Whatever plan you choose, keep in mind that there is no such thing as one-size-fits-all when it comes to exercise regimens. Learning to listen to your body and back off or modify certain moves or training protocols is imperative.

While working out will involve a bit of discomfort when you’re pushing your body, if you ignore your body’s signals and push too hard, you might end up getting injured. Heed any warning signs and modify workouts when necessary, especially in the beginning.

If you aren’t sure whether you’re pushing too hard, err on the conservative side when you first start a new exercise program. It’s easy to get overzealous when it comes to weight loss and do too much, too soon. Remember that this process is all about the long game, so staying healthy and uninjured is key.

Also be sure to pay attention to achieving proper form at the outset. It’s always better to do fewer repetitions correctly than more incorrectly. The latter will only lead to injury. Take it slowly and perfect your form, whether it’s strength training, yoga, or dancing.

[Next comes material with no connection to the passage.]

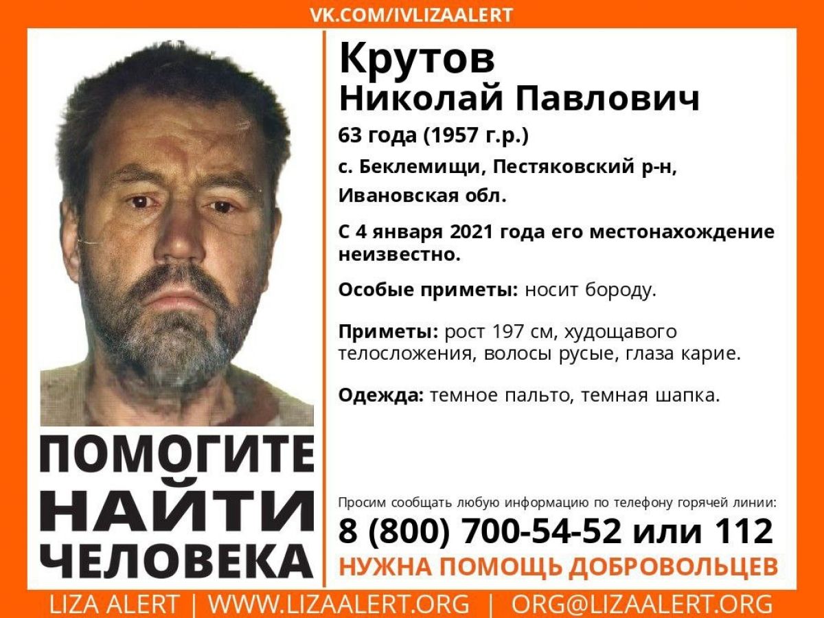 Тревога не отпускает родных Николая Крутова, 63 лет, из села Беклемищи Пестяковского района. Мужчина пропал морозным январским вечером, выйдя от знакомого и направившись в сторону своего дома. Больше его никто не видел, а поступавшие свидетельства не дали результата.

Keep in mind that you may feel some soreness and discomfort when you start a new workout plan. Even the best athletes in the world get sore when they do exercises they aren’t accustomed to. If you ease into training at a conservative pace, the soreness will be kept to a manageable level and shouldn’t interrupt your exercise program. This is one key reason many Beachbody programs include a short active recovery routine that can include dynamic stretching, yoga, and mobility moves, and can be done on “off” days or whenever you feel a little extra soreness.

Remember to take rest days and allow yourself time to recover between workouts. Every workout breaks your body down a little bit, and the rest afterwards allows your body to rebuild (stronger). Planning time in your schedule to allow your body to bounce back is an important part of the training, and a strategy that can keep you going over the long haul.